Yo (que soy andaluz) pronuncio exactamente igual dar /da/, dad /da/ y dada /da/. En los tres casos la vocal es la misma y sólo se distinguen por el contexto.


----------



## jmx

Dani_lacorte said:


> Yo (que soy andaluz) pronuncio exactamente igual dar /da/, dad /da/ y dada /da/. En los tres casos la vocal es la misma y sólo se distinguen por el contexto.

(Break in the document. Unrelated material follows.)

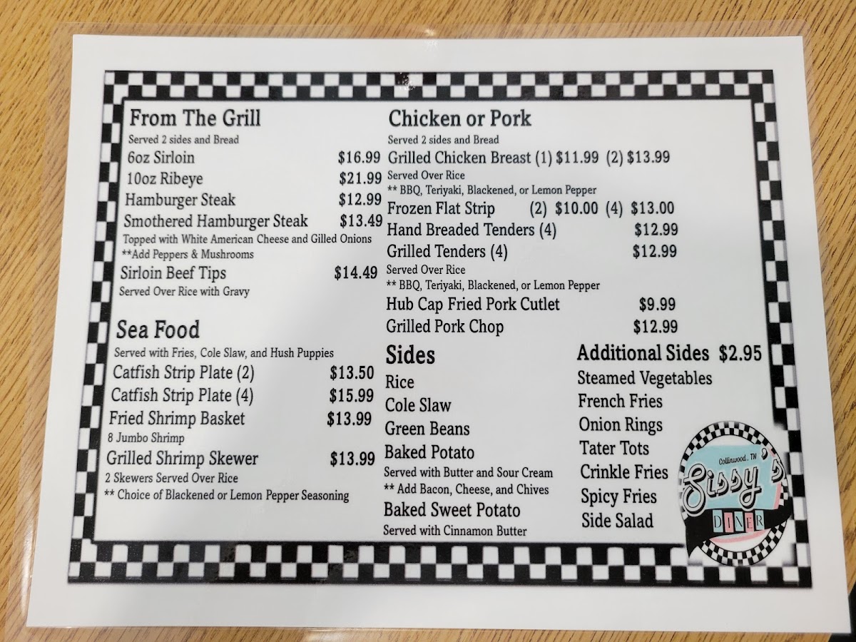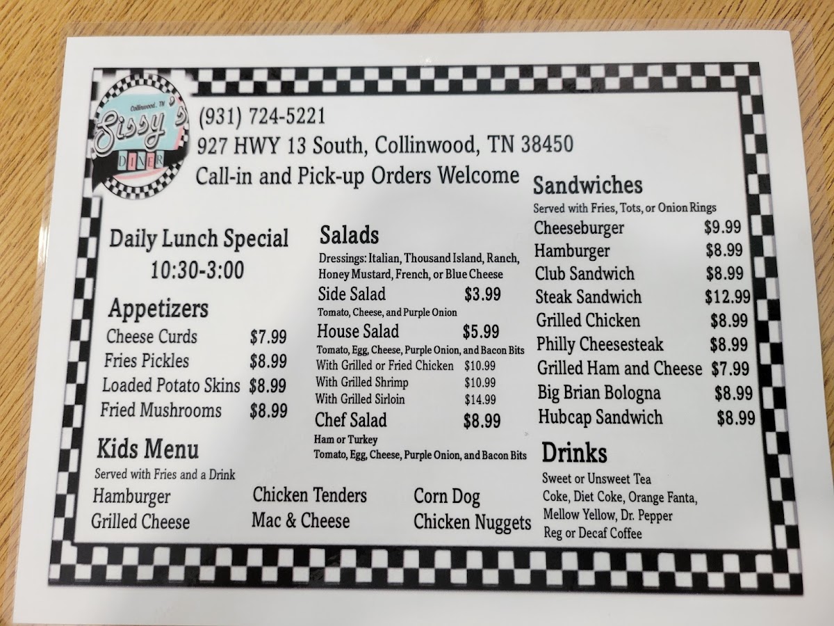 Welcome to Sissy’s Diner, a gem in Collinwood, TN, where American comfort food shines. Nestled conveniently on TN-13, this diner boasts a diverse menu that promises to satisfy every craving. Start your meal with tempting Cheese Curds or Loaded Potato Skins, perfect for sharing among friends.

¿De qué parte de Andalucía eres?


----------



## Dani_lacorte

jmx said:


> ¿De qué parte de Andalucía eres?



De Corteconcepción, en la Sierra de Huelva


----------



## jmx

Dani_lacorte said:


> De Corteconcepción, en la Sierra de Huelva


Gracias. En tu lista faltaría saber cómo pronuncias "das". Te preguntaba porque como sabrás en Andalucia oriental cambian la abertura de la vocal en ciertos casos, pero tú eres de la occidental.


----------



## Hulalessar

Dani_lacorte said:


> Yo (que soy andaluz) pronuncio exactamente igual dar /da/, dad /da/ y dada /da/. En los tres casos la vocal es la misma y sólo se distinguen por el contexto.

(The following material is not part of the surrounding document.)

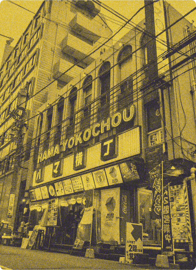 横浜駅から徒歩3分、レトロなネオン看板が輝く屋内横丁、『ハマ横丁』。

Te apuesto que la palabra "dada" es un poquito más larga.


----------



## Hector9

Dani_lacorte said:


> Yo (que soy andaluz) pronuncio exactamente igual dar /da/, dad /da/ y dada /da/. En los tres casos la vocal es la misma y sólo se distinguen por el contexto.



¿En serio?

Menos mal que en Argentina las pronunciamos de tres maneras diferentes...


----------



## Dani_lacorte

Hulalessar said:


> Te apuesto que la palabra "dada" es un poquito más larga.


Te aseguro que no. Por ejemplo, si digo "la luz está dá", /da/ tiene la misma duración que cuando digo "le tienes que dá".

En todo caso, en una pronunciación más "cuidada", se pronunciaría /da.ð̞a/, como en Castilla. Al menos así se hace aquí y en los pueblos de alrededor. 


Jmx: "das" /dah/ con aspiración breve.


----------